Stories - 23 September 2022
Bukan Indonesia yang Pusing Subsidi Energi, Siapa Lagi?
Bukan cuma di Indonesia, masalah subsidi di sektor energi ternyata juga terjadi di banyak negara di dunia.
Context, JAKARTA - Bukan cuma di Indonesia, masalah subsidi di sektor energi ternyata juga terjadi di banyak negara di dunia. Di beberapa negara Eropa, pemerintahnya terpaksa harus memutar otak untuk memberikan dana talangan atau subsidi kepada perusahaan pemasok energi.
Permasalahan yang terjadi di seluruh dunia ini disebabkan oleh satu hal yang sama, yaitu perang Rusia-Ukraina. Deretan sanksi ekonomi, pemblokadean jalur ekspor energi, membuat pasokan energi menjadi tidak menentu. Khusus di Eropa, pembatasan pengiriman energi yang dilakukan Rusia membuat sebagian besar negara di benua biru tersebut mengalami krisis energi.

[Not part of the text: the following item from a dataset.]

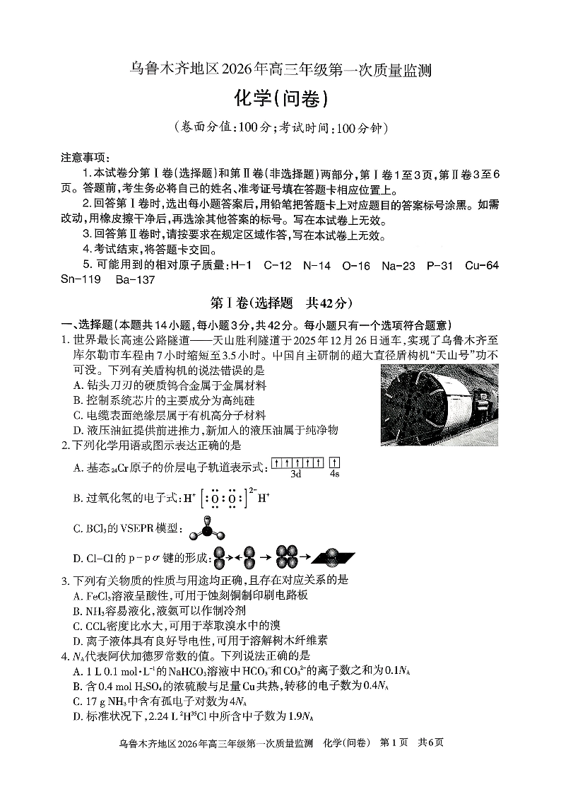 乌鲁木齐地区2026年高三年级第一次质量监测 化学.pdf

Berkurangnya pasokan energi, terutama gas alam, membuat perusahaan-perusahaan energi di Eropa sangat terbebani. Apalagi, menjelang musim dingin, kebutuhan akan gas alam sebagai salah satu unsur nyalanya listrik dan penghangat di Eropa akan terus melonjak.
Subsidi Energi di Eropa
Seperti contohnya di Jerman, pemerintahnya telah memutuskan bahwa mereka akan menyelamatkan perusahaan energi Uniper yang terancam karena melonjaknya harga energi. Dilansir DW, Kanselir Olaf Scholz mengatakan bahwa pemerintah Jerman akan mengambil 30 persen saham dari perusahaan energi.
Lanjutnya, pemerintah Jerman juga akan memberikan dana talangan atau bailout sebesar Rp113 triliun sebagai modal untuk memperluas jalur kredit. Selain itu, Scholz mengatakan Uniper akan diizinkan untuk menerapkan kenaikan biaya kepada pelanggannya meskipun memiliki kontrak harga tetap.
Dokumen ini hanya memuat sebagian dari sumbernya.